Out here I'm watching one person sitting on a bench and is joined 

by others, watching the benched one speak in etiquette greetings 

and lifting of eyes that show a familiarity with 

ivory society–how a person smiles to put 

violent creatures at ease, to humor them as they claim and occupy 

space they think their presence might turn from their idea of 

worthless to their idea of worth something. There's speech inflection 

to approximate amusement at almost every declaration coming 

from bloodthirsty lips, the playing of attentive audience at their

monologues, the oh-ing and ahh-ing to make 

them think even all these centuries later they still

hold command of the scene.

 

I feel a powdered fog and accept the temporary 

nature of its presence. The mist moves to reveal 

nonexistent shapes in the crowds, each 

mirage a meditation chant,

"This unfolding isn't what you think it's about, 

this unfolding isn't what you think it's about, 

this unfolding isn't what you think it's about, 

but then maybe it is."

The air warms up now, giving permission to homeostasis to ask 

for a balancing drink.
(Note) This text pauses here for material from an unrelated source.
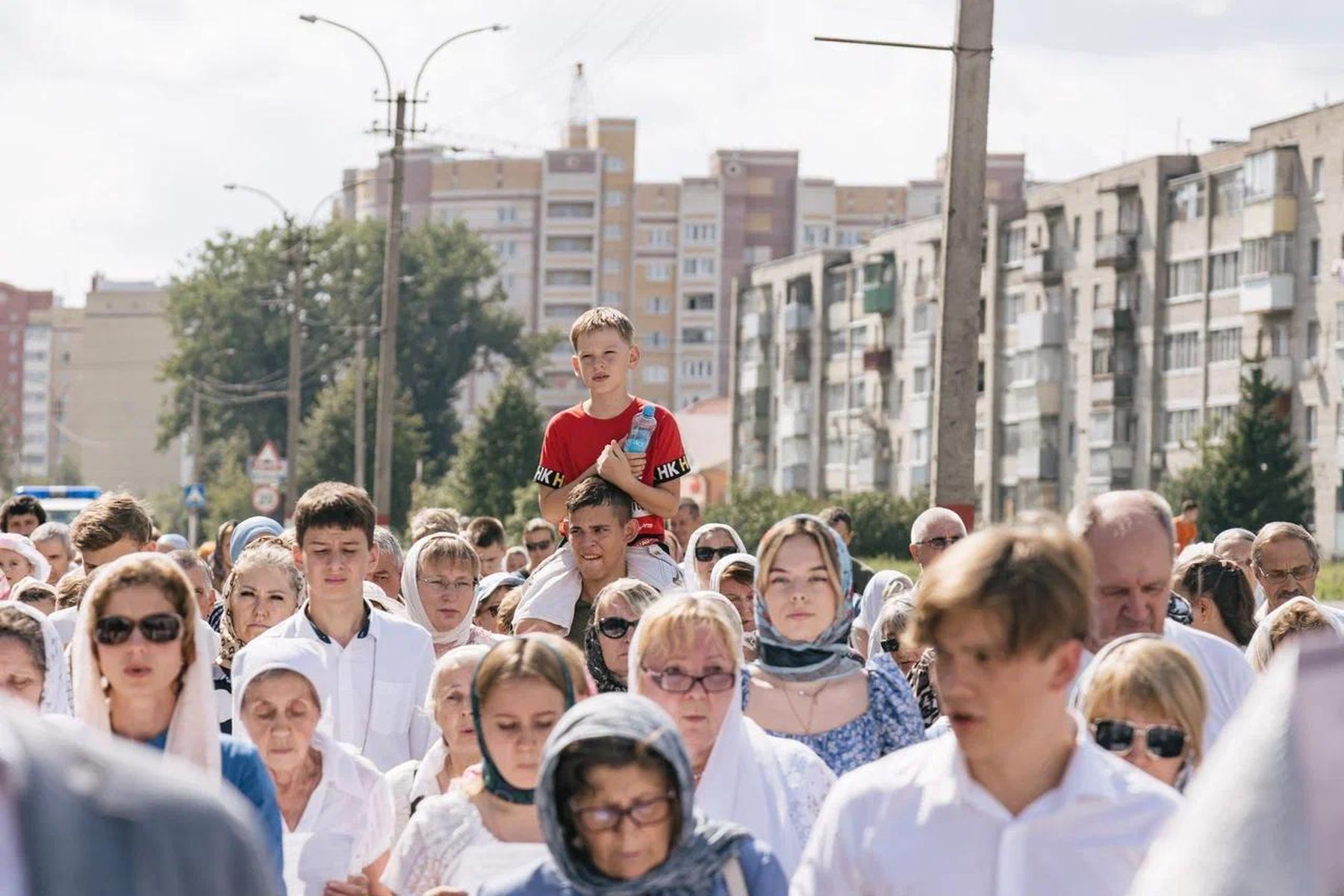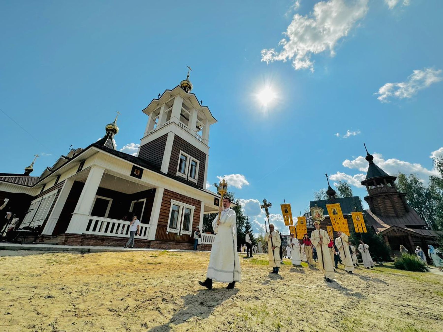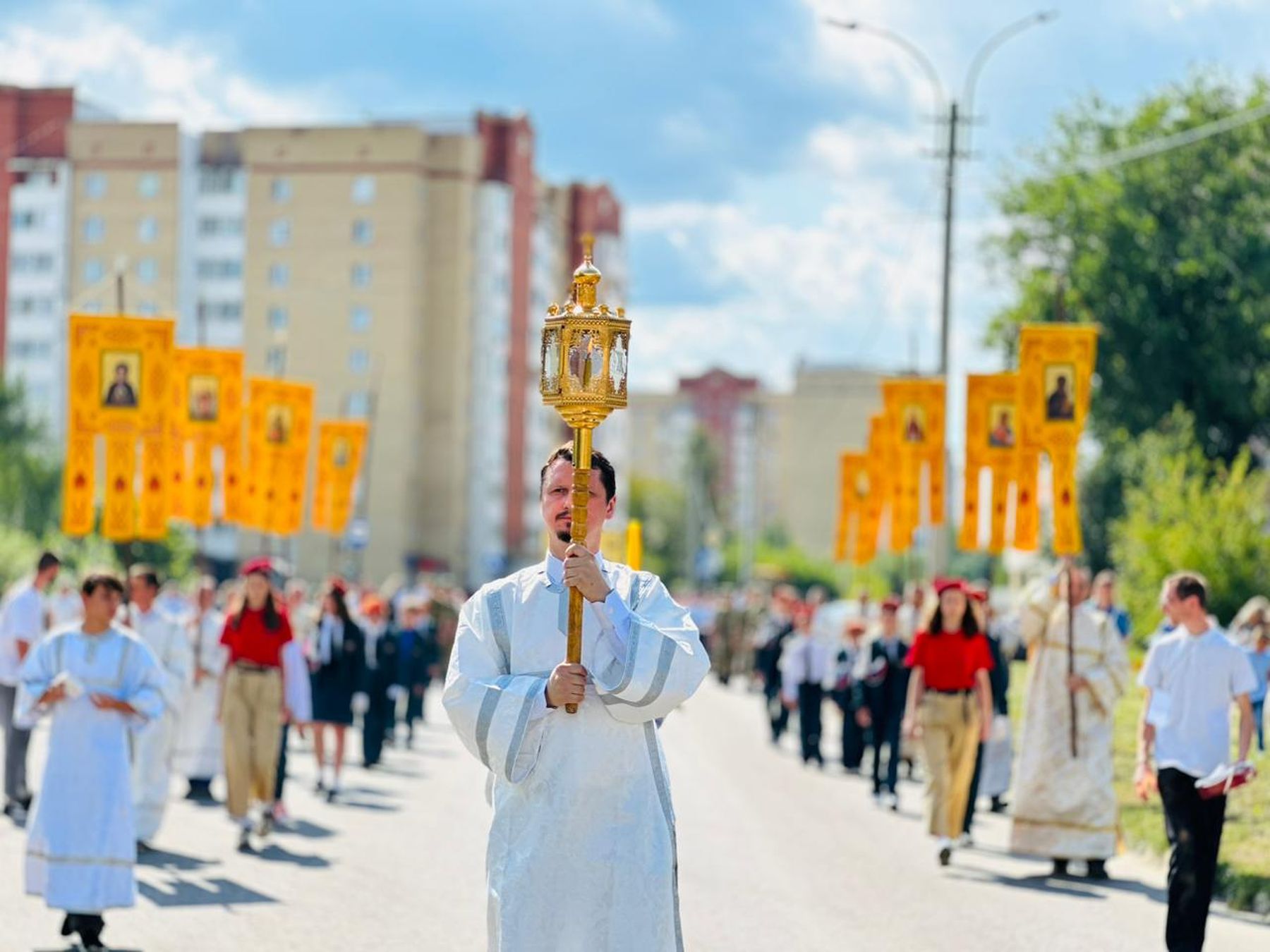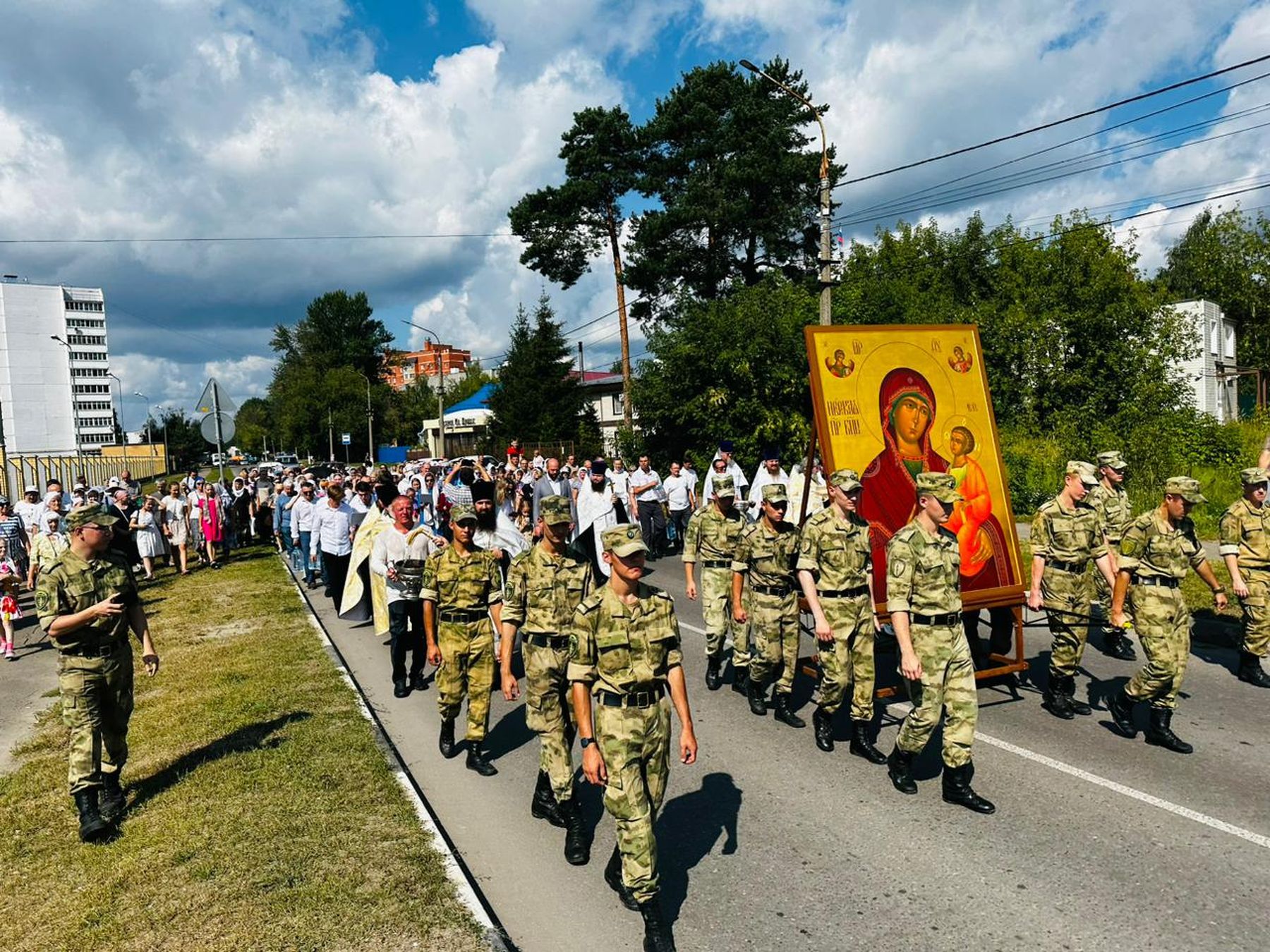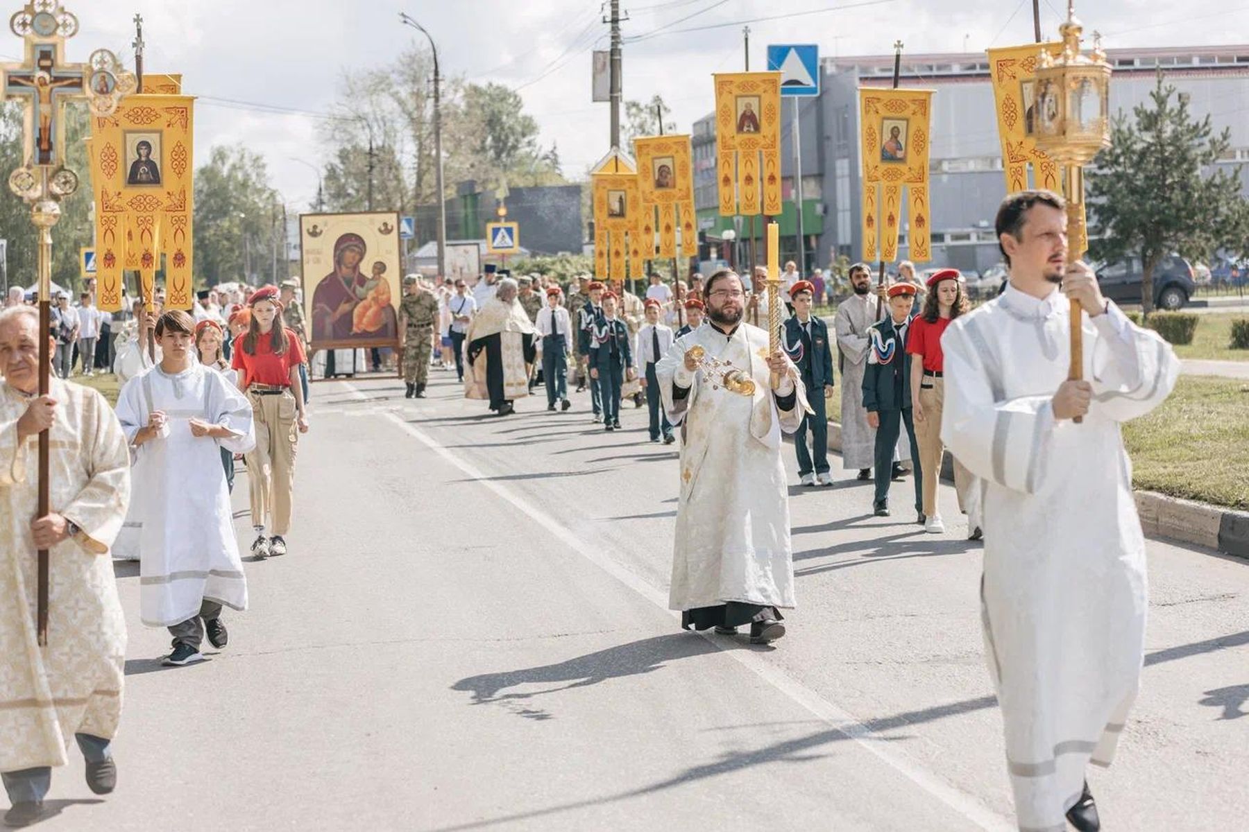 Шествие в сопровождении колокольного звона проследовало от храма Всех святых, в земле Русской просиявших, по основным улицам и кварталам города.

A sip to treat my tongue to some 

nostalgia–did that sun-burned water massage the back of your 

throat and remind you of lunch break 

in the hilly tropics with Grandma? 

Eucalyptus, jacaranda...beauty was everything, beauty was sublime,

now it only rests on my shoulders when I'm struggling for a rhyme.

Sometimes, too, it rests on my shoulders when there's 

music. But lately I play dirges, I'm 26 thinking about mortality.

Lately when I play an instrument it's the posthumous soundtrack

to a childhood of refuse dump-scavenging for gourds, the kind that ballooned from plants that grew amongst garbage so I could sell

to the craftsman who used them for his xylophones.

 

The sun and breeze play their repetitive games on my skin and

this city plaza. Come, go, shade, shine. How many weathers had

to hold silent to allow for this dominant weather's 

presence? Once you said there're many particles of

dark matter that hide behind the scene 

but pave the way for the glory of matter seen. 

Still we relegate one lineage to the disclaimer 'dark’ and the

other is simply 'matter', canonized. A bird started chirping 

its morning call as I look at you and the shuffling people. It's 

not talking to me but my ears eavesdrop and warp its whistle to 

tell my brain, "It's here, it's here", over and over. Over and 

over in this season, when doing is having, when having is being.